# You folks better get your seeds ordered! Getting Expensive.



## Oldhat (Jun 2, 2014)

I just spent $260 on vegetable seeds. That's high for me...but the prices are getting outrageous. Last year all the seed packets would have cost me around $170. 

I actually like/have had good luck with Burpee seeds and typically pick up what I need when I am at Home Depot. There's places with mixed lettuce packets of seed for $10/pack. 

If you are out and about and see seed packets at last years price then if you need them you should probably go ahead and pick them up. 

Crazy prices.


----------



## crehberg (Mar 16, 2008)

Supply and demand be danged...I'm seeing price gouging on some stuff already in the "garden department". Just thought ammo prices were bad...


----------



## Wolf mom (Mar 8, 2005)

Buy heritage - save seeds.


----------



## crehberg (Mar 16, 2008)

Wolf mom said:


> Buy heritage - save seeds.


I'll agree with that to an extent. There are some things I just really like hybridized.

I did check Hoss Tools and their prices seem to be holding fairly steady right now. Maybe price correction will be temporary...or maybe we've been spoiled by cheap seeds for too long...


----------



## Danaus29 (Sep 12, 2005)

Patty pan squash seeds are expensive this year. I just got some from Menard's because they have them and their prices are cheap. They are also still running a 15% off anything you can fit in the bag sale. 

I'm a bit miffed at the cashier though, she tried to take my bag. The sale doesn't end until Saturday.


----------



## RJ2019 (Aug 27, 2019)

Thanks for the heads up! I'll start stocking up if i see lower priced seeds. Have already been saving seeds


----------



## Oldhat (Jun 2, 2014)

Wolf mom said:


> Buy heritage - save seeds.


I save a lot of seeds but there's a few things I need to replace every year. I keep a 5K sq ft "traditional" garden and an additional 1500 sqft of raised beds. I grow a lot of food. 

Some of the packets are just for backup/storage so I can revert back to where I started on an heirloom that might get cross pollinated and lose quality.


----------



## Oldhat (Jun 2, 2014)

Oh I'd like to add (to my original post) that the price I paid for seed was a lot less than most places. I ordered directly from Burpee online to get the price I did. I would have paid $100 more at Home Depot for the same Burpee seeds I ordered directly from Burpee.


----------



## Oldhat (Jun 2, 2014)

Danaus29 said:


> Patty pan squash seeds are expensive this year. I just got some from Menard's because they have them and their prices are cheap. They are also still running a 15% off anything you can fit in the bag sale.
> 
> I'm a bit miffed at the cashier though, she tried to take my bag. The sale doesn't end until Saturday.

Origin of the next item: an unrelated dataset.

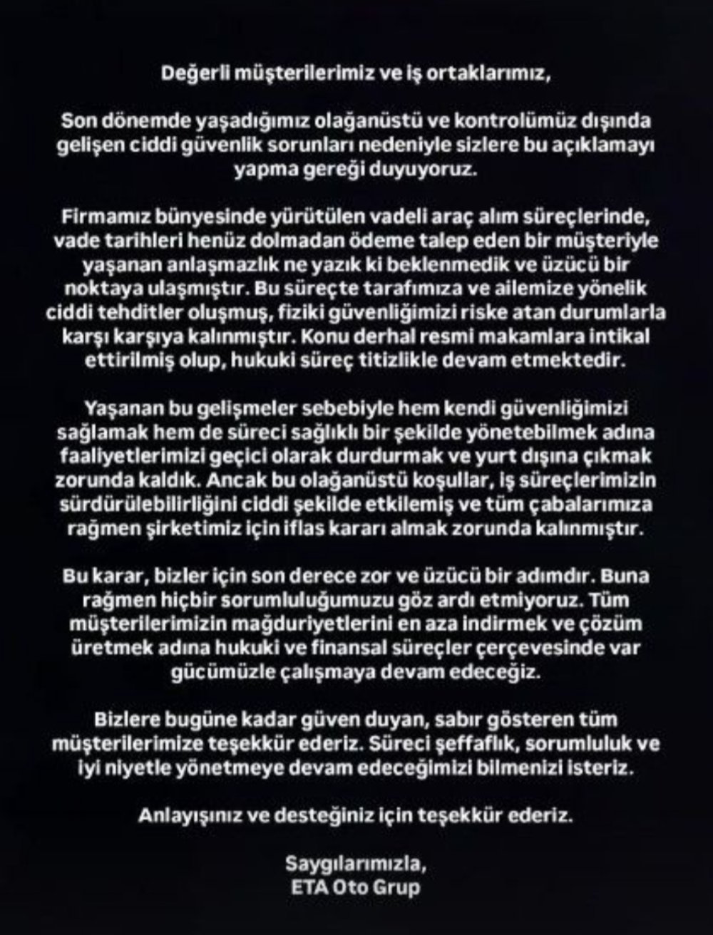 ETA Grup açıklamasında, vadeli araç alım süreçlerinde vade tarihleri dolmadan ödeme talep eden bir müşteriyle yaşanan anlaşmazlığın ciddi tehditlere yol açtığını ve hem firma hem de ailelerinin fiziki güvenliğinin risk altında olduğunu ifade etti. Konunun resmi makamlara iletildiği ve hukuki sürecin devam ettiği bildirildi.

Thanks for this info. I think I'll check out Menards for a few other things I am looking for.


----------



## RJ2019 (Aug 27, 2019)

Oldhat said:


> Oh I'd like to add (to my original post) that the price I paid for seed was a lot less than most places. I ordered directly from Burpee online to get the price I did. I would have paid $100 more at Home Depot for the same Burpee seeds I ordered directly from Burpee.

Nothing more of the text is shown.